- Your assignment: The records below need to be repeated exactly, though not their pictures.

─── Provided material ───

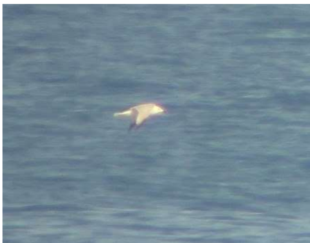
Goéland d'audouin - Lit-et-Mixe (40) - 30/05/2019

Une donnée de plus pour cette espèce d'origine méditerranéenne qui est devenue quasiment annuelle en Aquitaine, mais en très faible effectif. Les observations sont souvent réalisées au printemps, ce qui correspond au retour des individus espagnols sur leurs sites de reproduction et qui confirme aussi l'intérêt de prospector les reposoirs de laridés à cette période.
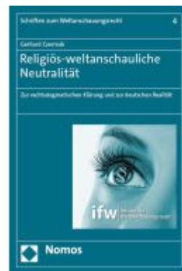
Religiös-weltanschauliche Neutralität Ladenpreis: 60,70EUR
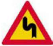
(Κ-2α) Επικίνδυνες δύο αντίρροπες ή διαδοχικές (συνεχείς) στροφές - η πρώτη αριστερά.
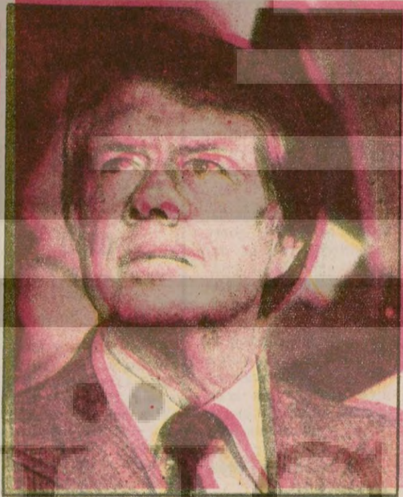
ABD Başkanı Carter, Afganistan'daki Rus işgalinin İkinci Dünya Savaşı'ndan bu yana dünyaya barışını tehdit eden en ciddi girişim olduğunu söyledi.

İngiltere Dışişleri Bakanı Lord Carrington Rusya'nın Afganistan'ı işgal etmesine karşılık olarak, hükümetinin Rusya ile Bakanlık düzeyindeki her türlü teması durdurma kararı aldığını açıkladı. Öte yandan, AP ajansının haberine göre, Türkiye İslam Konferansında (Devamı Sa. 7, Sü. 1'de)
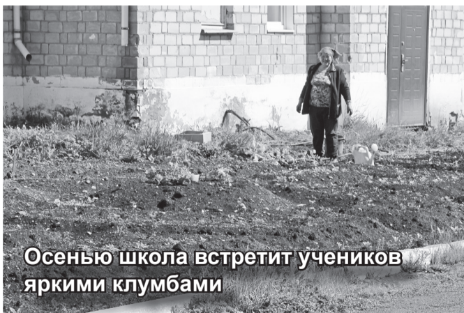
Осенью школа встретит учеников яркими клумбами
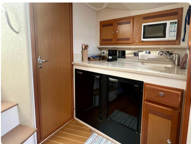
Cabo 32 Express galley
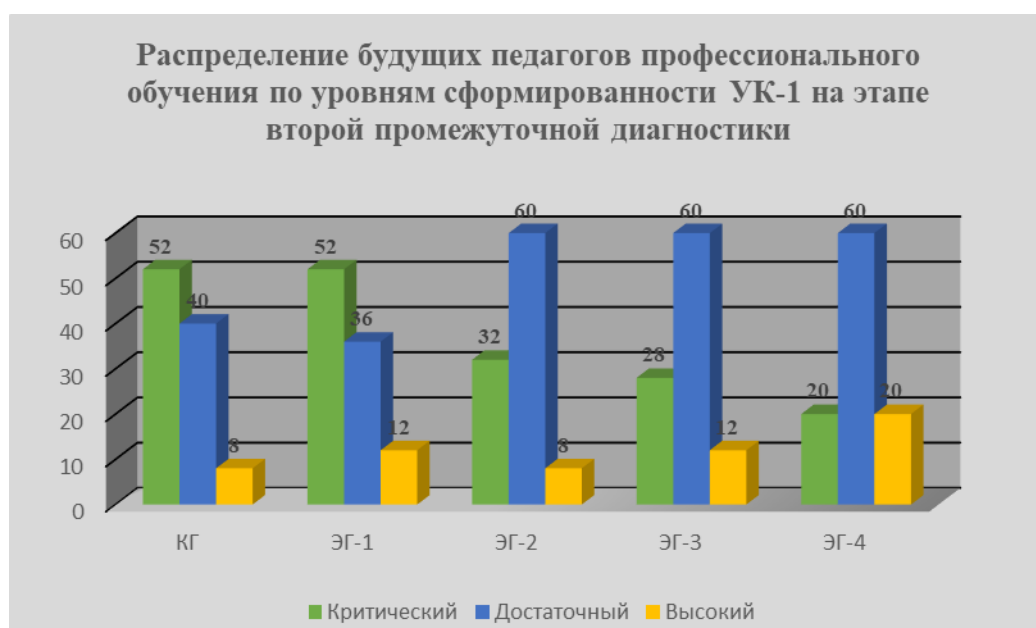
Рис. 9. Результаты второй промежуточной диагностики уровня сформированности УК-1 у будущих педагогов профессионального обучения

Полученные нами результаты повторной промежуточной диагностики сохраняют наметившиеся тенденции сокращения количества студентов с критическим уровнем сформированности УК-1 во всех экспериментальных группах: в ЭГ-1 – до 52%, в ЭГ-2 – до 32%, в ЭГ-3 – до 28%, в ЭГ-4 – до 20%. В контрольной группе рассматриваемый показатель, по сравнению с данными первой промежуточной диагностики, также незначительно снизился – до 52%.

───

- Completed exercise:
Goéland d'audouin - Lit-et-Mixe (40) - 30/05/2019

Une donnée de plus pour cette espèce d'origine méditerranéenne qui est devenue quasiment annuelle en Aquitaine, mais en très faible effectif. Les observations sont souvent réalisées au printemps, ce qui correspond au retour des individus espagnols sur leurs sites de reproduction et qui confirme aussi l'intérêt de prospector les reposoirs de laridés à cette période.
Religiös-weltanschauliche Neutralität Ladenpreis: 60,70EUR
(Κ-2α) Επικίνδυνες δύο αντίρροπες ή διαδοχικές (συνεχείς) στροφές - η πρώτη αριστερά.
ABD Başkanı Carter, Afganistan'daki Rus işgalinin İkinci Dünya Savaşı'ndan bu yana dünyaya barışını tehdit eden en ciddi girişim olduğunu söyledi.

İngiltere Dışişleri Bakanı Lord Carrington Rusya'nın Afganistan'ı işgal etmesine karşılık olarak, hükümetinin Rusya ile Bakanlık düzeyindeki her türlü teması durdurma kararı aldığını açıkladı. Öte yandan, AP ajansının haberine göre, Türkiye İslam Konferansında (Devamı Sa. 7, Sü. 1'de)
Осенью школа встретит учеников яркими клумбами
Cabo 32 Express galley
Рис. 9. Результаты второй промежуточной диагностики уровня сформированности УК-1 у будущих педагогов профессионального обучения

Полученные нами результаты повторной промежуточной диагностики сохраняют наметившиеся тенденции сокращения количества студентов с критическим уровнем сформированности УК-1 во всех экспериментальных группах: в ЭГ-1 – до 52%, в ЭГ-2 – до 32%, в ЭГ-3 – до 28%, в ЭГ-4 – до 20%. В контрольной группе рассматриваемый показатель, по сравнению с данными первой промежуточной диагностики, также незначительно снизился – до 52%.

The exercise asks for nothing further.